Source: Sara G. Miller, http://www.livescience.com/53159-fda-proposes-tanning-bed-restrictions.html

 

 

 

 

Your Child

More Myths About the Measles Vaccine

2:00

As measles cases continue to climb, people are taking notice. Public health officials as well as a growing list of politicians are asking parents to make sure that their child or children get the MMR vaccine.

While support is growing to have all children immunized against the highly contagious disease, anti-vaccination groups are also speaking out through media outlets, emails, social media and blogs.

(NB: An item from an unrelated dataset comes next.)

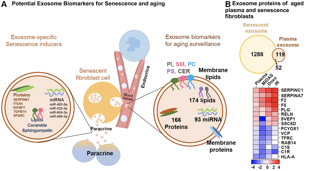 We performed a comprehensive proteomic analysis of exosomal SASP components from senescent primary human lung fibroblast cells (IMR90) induced by three different stimuli, irradiation (IR), doxorubicin (doxo), and Antimycin A-induced MiDAS. Furthermore, we profiled the proteome and miRNA contained in exosomes from plasma from young (20-26 years old) and older (65-74 years old) individuals (Figure 1). It should be noted that this cohort was relatively small with 5 young and 5 elderly participants.

In the 1990s, a now discredited study linked the MMR vaccine to autism. Parents reacted with fear throughout world and began opting out of getting their children vaccinated against measles, mumps and rubella.

Since that time, dozens of medical studies have been conducted and found no connection between the vaccine and autism. The doctor, Andrew Wakefield, was stripped of his license and the British Medical Journal called his research “fraudulent.”

That hasn’t stopped people from continuing to quote his discredited findings.

With so much attention being given to measles these days, new myths have popped up from people who continue to spread fear about the MMR vaccine.

Two myths in particular are making the rounds:

1. The vaccine doesn’t work because it protects against a different strain.

The first concern, which has been posted on anti-vaccination blogs, is that the vaccine protects against an “A” type of measles virus, while the kind that’s making everyone sick is a “B”-type virus. Therefore, the vaccine doesn’t protect against the kind of measles that’s making everyone sick.

It’s true that are different strains of the measles virus, but it doesn’t act like the flu virus – where different strains can overpower a particular vaccine. Each measles virus is given a letter and a number, for example B3 or D4. They refer to the genetic fingerprint of the virus. Since 1990, 19 different strains, or fingerprints, have been identified, according to the CDC, and scientists use these fingerprints to link infections during an outbreak.

However, the measles virus doesn’t change as much as the flu virus. Once the current vaccine and boosters are in the body’s system – the vaccine protects against all strains of measles.

2. It’s vaccinated people who are spreading measles, not those that are unvaccinated.

The thought behind this myth is that the measles shot, which contains a weakened but live form of the virus, can give people infections that allow them to pass on the disease to others.

It’s an interesting twist according to William Schaffner, MD, an infectious disease specialist at Vanderbilt University in Nashville, TN.

“The vaccine virus, can, on occasion, spread to others,” Schaffner says. “That gives them protection. It doesn’t give them disease.”

But, he says, to be clear: "On occasion" means the possibility is so remote that it’s highly unlikely.

If that were to happen, Schaffner says, it would actually be a good thing because the person who “caught” the vaccine virus would get the protection, but not the illness. Most likely, they wouldn’t even know it occurred. Other experts say this is more theory than anything else.

Some parents believe measles is a somewhat minor disease that may cause a short period of illness and doesn’t have any long-term effects. There are even groups that have “measles parties” so their children can build a “natural” immunity.

Measles can be fatal to children, adults with suppressed immune systems and the elderly – that’s a very long-term side effect. It can cause encephalitis (an inflammation of the brain) and require intensive care in the hospital. Complications from measles can cause permanent hearing loss. Measles is not something you want to mess with. Medical experts agree that parents need to get the real facts and have their children vaccinated.